她本想借资格进去探路,城规却把她锁死在缺口里:找不到旧灯,她连主棺都回不来。
宴千烛笑道:“你看,还是选我省事。”
“省事的东西,通常最贵。”
闻栖月说。
她把债册收好,朝城门内走去。
红衣鬼王忽然抓住她的手腕。
他掌心冷得像刚从血里捞出来。
“我陪你。”
闻栖月看着他。
“你进去,疯病会先要你的命。”
“我能——”
“你不能。”
她打断他。
“你现在连宴千烛都杀不了,跟进去只能多一个要我看着的人。

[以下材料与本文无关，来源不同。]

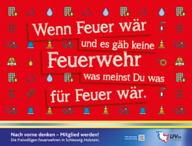 Da der Verband seit diesem Jahr vom Land mit Zuwendungen aus den Lottoerlösen speziell für Maßnahmen der Öffentlichkeitsarbeit bedacht wird, sind weitere Aktionen möglich, um die leichte Aufwärtskurve weiter ansteigen zu lassen. Im Mittelpunkt stand bei der Versammlung daher auch die Vorstellung eines neuen Kampagnenmotives. Unkonventionell, mit Augen-zwinkern, aber durchaus auch zum Nachdenken anregend ist der Spruch "Wenn Feuer wär und es gäb keine Feuerwehr- was meinst du was für Feuer wär" heißt es da auf rotem Grund mit verspielten Icons. Das Motiv soll nun landesweit in allen möglichen Formen eingesetzt werden. Vom T-Shirt über Kaffeebecher bis hin zu Bauzaunplanen und landesweiter Groß-flächenplakatwerbung wird das Motiv Verwendung finden. Daneben plant der Verband seine Beteiligung bei zahlreichen Großveranstaltungen wie der NORLA oder der "Sommertour" des NDR. Wie im Vorjahr appellierte der Landesbrandmeister aber auch wieder an jeden Bürgermeister im Lande, dass das Thema Mitgliederwerbung Chefsache bleibt. Denn neben den begleiten-den Maßnahmen des Dachverbandes seien individuelle Ansprachen vor Ort gepaart mit re-gionalen Aktionen der Schlüssel zum Erfolg.

”
红衣鬼王的手指收紧。
那双泛红的眼里,有一瞬间像是真的要失控。
闻栖月没躲。
“你留在主棺。”
“用城主印替我压住入口,别让宴千烛跟进来。”
“这是你现在最值钱的护法。”
红衣鬼王盯着她许久,终于松开手。
“回来。”
“灯拿不到也回来。”
“这话等我出得来再说。”
闻栖月道。
她跨进城门。
城规没有把她引向主棺。
一盏白灯从迎亲街深处飘出来,停在她面前。
灯下系着一只褪色的纸铃。
叮。
纸铃轻轻响了一声。
闻栖月抬头。
白灯照出的那条缺口里,挂满了白纸扎成的小铃铛。
每一只铃铛上,都写着三个字。
纸人城。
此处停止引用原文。